▶ _Your goal_: Down to the final line, write out the material beneath exactly, without pictures.

(Beginning of Material provided)

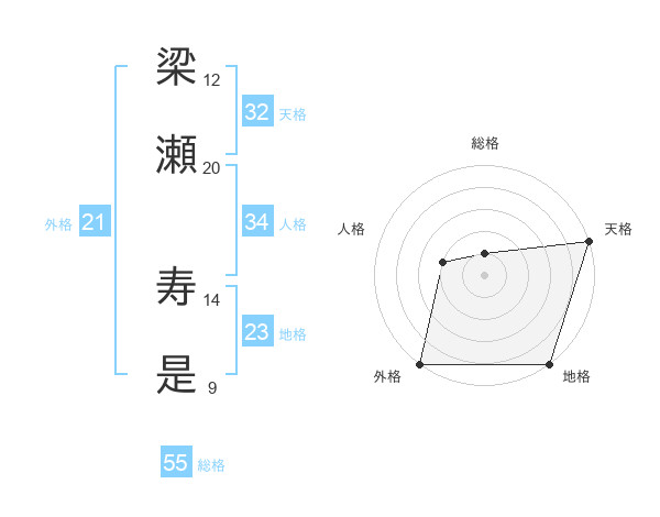 梁瀬 寿是さんを姓名の画数から五運を鑑定
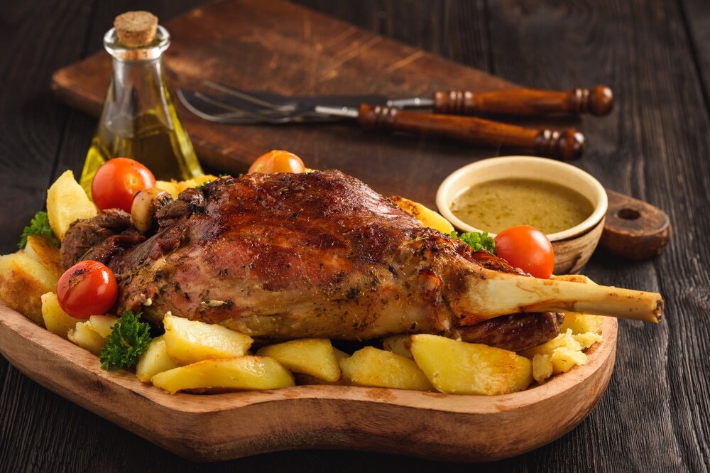 Вкусный рецепт запеченной бараньей ножки с картофелем
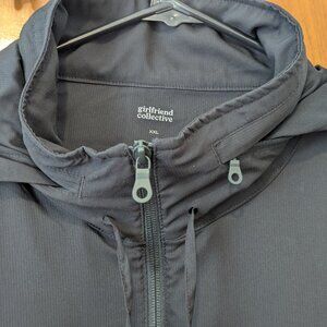 Girlfriend Collective Hummingbird Half-Zip Windbreaker in size XXL. Very light half-zip jacket with a hideable hood, zip pockets and elasticated cuffs, there is also a drawstring at the bottom. Hits at the top of the hips (a little cropped). No signs of wear. 100% Recycled Plastic Bottles (RPET).

(End of Material provided)

▶ _Reply to the task_:
 梁瀬 寿是さんを姓名の画数から五運を鑑定
 Вкусный рецепт запеченной бараньей ножки с картофелем
 Girlfriend Collective Hummingbird Half-Zip Windbreaker in size XXL. Very light half-zip jacket with a hideable hood, zip pockets and elasticated cuffs, there is also a drawstring at the bottom. Hits at the top of the hips (a little cropped). No signs of wear. 100% Recycled Plastic Bottles (RPET).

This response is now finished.